The fast-moving consumer goods or the FMCG sector comprises the companies that are manufacturers of the daily use products. People by and large use them on a daily or regular basis. This includes toothpaste, soaps, detergents, dish-wash bars, shampoo, oils, and other such products with rapid and regular consumption.
As the speed of urbanisation is increasing in the country, the outlook for the sector remains robust and rock-solid. Even smaller cities, towns and rural India have started to consume branded products from the organised sector and larger conglomerates to satisfy their daily needs. This adds more to the appeal of the sector.
However, the paradigm of the sectors is constantly evolving and dynamic in nature. Despite all the obstacles, the FMCG sector has cemented its performance, indicating a strong future and making such counters a viable and attractive option for investors’ portfolios.

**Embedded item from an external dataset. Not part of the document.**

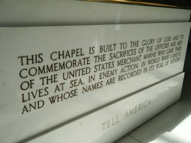 The Mariner’s Chapel was built for the Glory of God and in memoriam for the men and officers who lost their lives at sea. Over 7000 human beings and 142 midshipmen who died are remembered in this House of God. This is the place where I received my vocation and calling to navigate the ship of my soul and be a light to others. The chapel is a navigational light that is used to navigate the Long Island Sound. It also helps us to find the safe harbor of our souls.
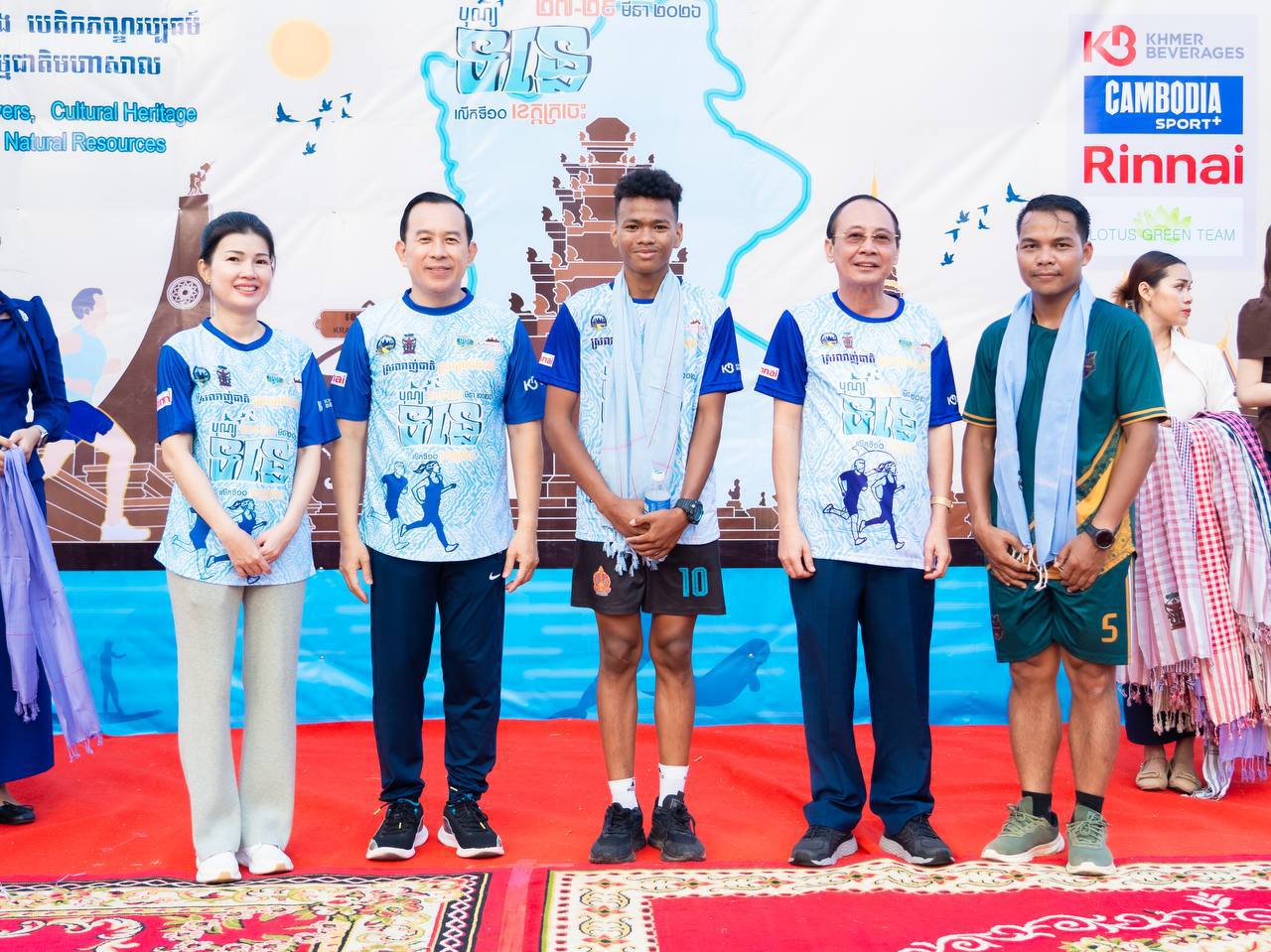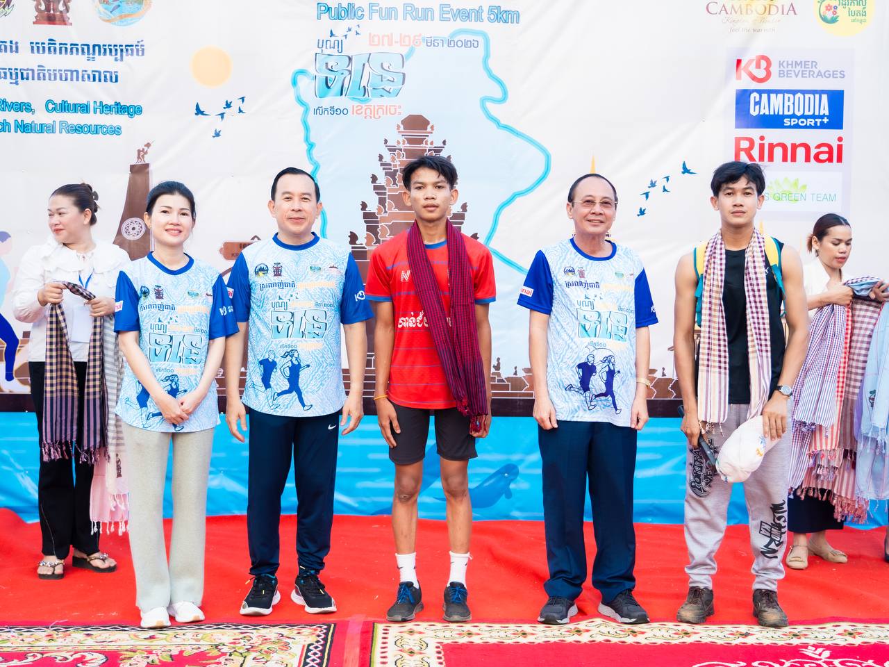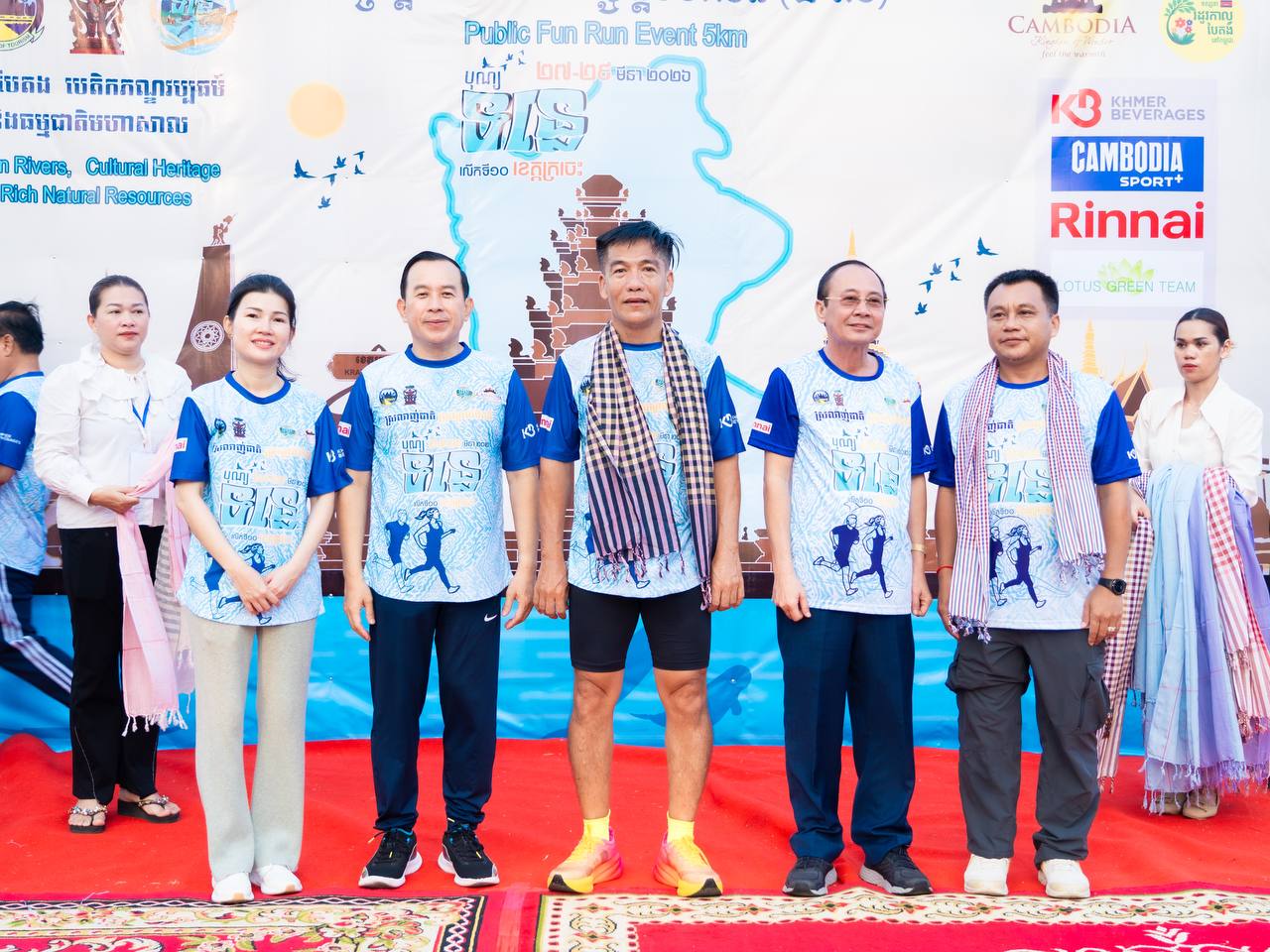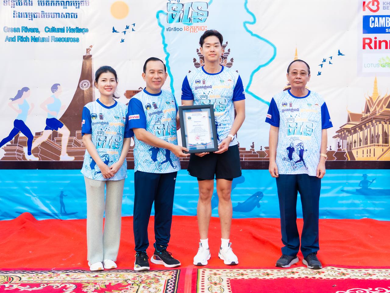 ឯកឧត្តម ហួត ហាក់ រដ្ឋមន្ត្រីក្រសួងទេសចរណ៍ និងលោកជំទាវ រួមជាមួយឯកឧត្តម វ៉ា ថន អភិបាលនៃគណៈអភិបាលខេត្តក្រចេះ អញ្ជើញជាអធិបតីក្នុងពិធីរត់កម្សាន្តមហាជន ចម្ងាយ៥គ.ម ក្នុងគោលបំណងដើម្បីអបអរសាទរព្រឹត្តិការណ៍បុណ្យទន្លេ លើកទី១០ ក្រោមប្រធានបទ “ទន្លេបៃតង បេតិកភណ្ឌវប្បធម៌ និងធម្មជាតិមហាសាល” ប្រព្រឹត្តទៅចាប់ពីថ្ងៃទី២៧ ដល់២៩ ខែមីនា ឆ្នាំ២០២៦ នៅខេត្តក្រចេះ, ការលើកកម្ពស់សុខភាពសាធារណៈ បង្កើនការចូលរួមរបស់យុវជន និងផ្សព្វផ្សាយសក្តានុពលទេសចរណ៍តាមដងទន្លេ។

The dynamics of the sectors are so rampant, that companies have to shift their strategies, branding and positioning within a short span of time. For example, with the entry of Patanjali in Ayurveda and Organic Products, the consumer-focused shift towards them. Following the trend, companies like Dabur and Hindustan Unilever altered their plans and jumped into herbal products.
The Growth Story
Investors must remember that the FMCG sector is a steady performer, but the growth pace is usually slow. According to the data from Statista, the markets for FMCG space in India has shot four times to $110 billion (Rs 8.15 lakh crore), which was less than Rs 2 lakh crore in 2011.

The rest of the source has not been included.